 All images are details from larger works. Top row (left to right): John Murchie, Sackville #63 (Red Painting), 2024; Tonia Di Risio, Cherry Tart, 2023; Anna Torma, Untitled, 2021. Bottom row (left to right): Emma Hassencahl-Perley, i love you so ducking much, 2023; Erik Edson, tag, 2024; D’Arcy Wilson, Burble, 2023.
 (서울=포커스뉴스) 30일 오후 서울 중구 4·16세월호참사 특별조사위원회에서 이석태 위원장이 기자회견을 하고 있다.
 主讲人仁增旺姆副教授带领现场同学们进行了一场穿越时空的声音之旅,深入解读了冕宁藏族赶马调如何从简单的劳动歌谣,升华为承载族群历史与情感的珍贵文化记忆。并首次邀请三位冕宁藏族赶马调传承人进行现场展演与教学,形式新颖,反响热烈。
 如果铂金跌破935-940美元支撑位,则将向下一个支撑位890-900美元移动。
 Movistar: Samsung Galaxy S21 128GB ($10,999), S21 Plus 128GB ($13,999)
* * *
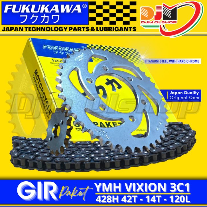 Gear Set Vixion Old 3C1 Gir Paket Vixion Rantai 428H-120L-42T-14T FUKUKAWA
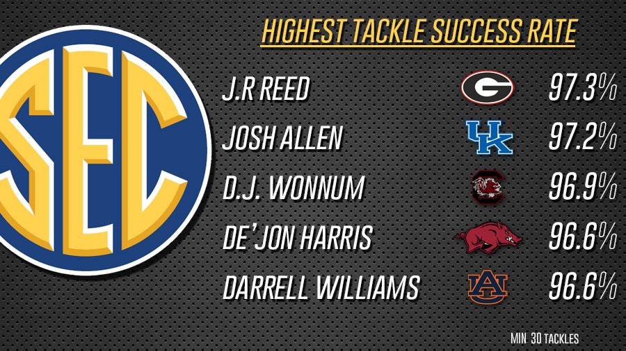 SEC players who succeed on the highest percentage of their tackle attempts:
* * *
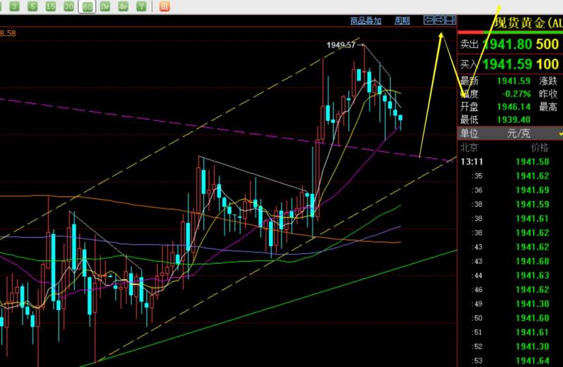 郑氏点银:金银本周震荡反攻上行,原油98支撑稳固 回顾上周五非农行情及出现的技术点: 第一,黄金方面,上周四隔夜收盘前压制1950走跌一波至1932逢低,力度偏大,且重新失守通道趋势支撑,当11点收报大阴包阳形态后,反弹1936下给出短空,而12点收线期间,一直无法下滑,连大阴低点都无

> **WORK ORDER**:
Keep to the lines above from the line with "Gear Set Vixion" to the line with "SEC players who", and set down exactly those, inclusive, with nothing else and every picture left out.

> **RESPONSE TO THIS TASK**:
 Gear Set Vixion Old 3C1 Gir Paket Vixion Rantai 428H-120L-42T-14T FUKUKAWA
 SEC players who succeed on the highest percentage of their tackle attempts:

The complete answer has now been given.